I read a book called _Skeletons from the Opera Closet _and found that, as a certain aria about killing the King was sung, one person dropped dead for a rather unknown reason.


----------



## TimK (Jul 25, 2012)

I joined this forum for the specific purpose of contributing to this discussion.

When I was a kid, I bought a book called "Amazing But True Mysteries!" (Yes, with the exclamation point.) I distinctly remember that this story was in that book. The aria cited in the book was "O Dieu, écrases-le!" ("Oh God, smash him!") I have occasionally searched the Web for evidence that there even is such an aria in _Charles VI_, but without success; there isn't much material about the work on the Web at all, as far as I can see.


----------



## matthewriot (Jan 20, 2013)

*A vague reference to the cursed aria, much different*

from what I had read in the Amazing But True Mysteries back when I was a kid, as well.

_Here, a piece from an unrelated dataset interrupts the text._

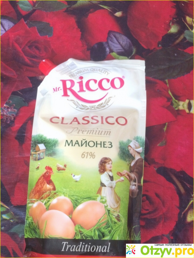 Майонез продается в мягкой упаковке с красной закручивающейся крышкой. Объем 390 мл. Цена 47 рублей.Массовая доля жира составляет 61%. Консистенция густая, цвет желтоватый. Приятный, нежный запах.Химии в составе нет.Имеет классический, насыщенный вкус, соленый, но в меру....

This is from "The Theosophist" by Madame Blavatsky:

http://books.google.com/books?id=N5...w#v=onepage&q=Cursed Opera Charles VI&f=false

Obviously only vague similarities to the story printed in Amazing But True, however this may be the basis?



TimK said:


> I joined this forum for the specific purpose of contributing to this discussion.
> 
> When I was a kid, I bought a book called "Amazing But True Mysteries!" (Yes, with the exclamation point.) I distinctly remember that this story was in that book. The aria cited in the book was "O Dieu, écrases-le!" ("Oh God, smash him!") I have occasionally searched the Web for evidence that there even is such an aria in _Charles VI_, but without success; there isn't much material about the work on the Web at all, as far as I can see.


----------



## dionisio (Jul 30, 2012)

Bad publicity is good publicity


----------



## quack (Oct 13, 2011)

That quote from "The Theosophist" makes it sound like it was the singer himself Jean-Étienne-Auguste Massol that had the curse and the evil eye and not the opera. Of course the Theosophical movement were some of the most celebrated nut-cases of the late 19th/early 20th centuries, if they claimed Paris was the capital of France you wold have to seriously doubt it.

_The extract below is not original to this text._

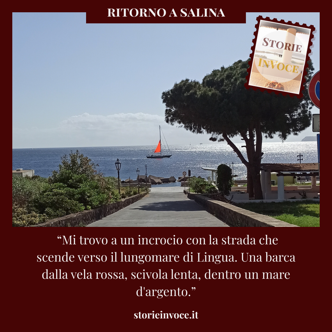 Quando esco per andare a prendere il pulmino, questa volta mi dirigo verso il paese. I vicini, che non sapevo di avere, mi hanno suggerito, di fare acquisti in un piccolo negozio di alimentari che si incontra sulla strada. Ma è ancora presto e lo trovo chiuso. Mi siedo così sul muretto vicino. Mi trovo a un incrocio con la strada che scende verso il lungomare di Lingua. Una barca dalla vela rossa, scivola lenta, dentro un mare d’argento.

Theatre people are traditionally some of the most superstitious people, second only to sailors, there's all sorts of cursed works, sentences and actions. Another famous curse is the singing of the aria "I Dreamt I Dwelt in Marble Halls" from "The Bohemian Girl" by Michael William Balfe.


----------



## Barelytenor (Nov 19, 2011)

quack said:


> Another famous curse is the singing of the aria "I Dreamt I Dwelt in Marble Halls" from "The Bohemian Girl" by Michael William Balfe.


And what happens to the singers ... or the listeners? I am sure I have heard this aria once or twice or thrice. What should I be expecting?


----------



## Hesoos (Jun 9, 2012)

I'm scared


----------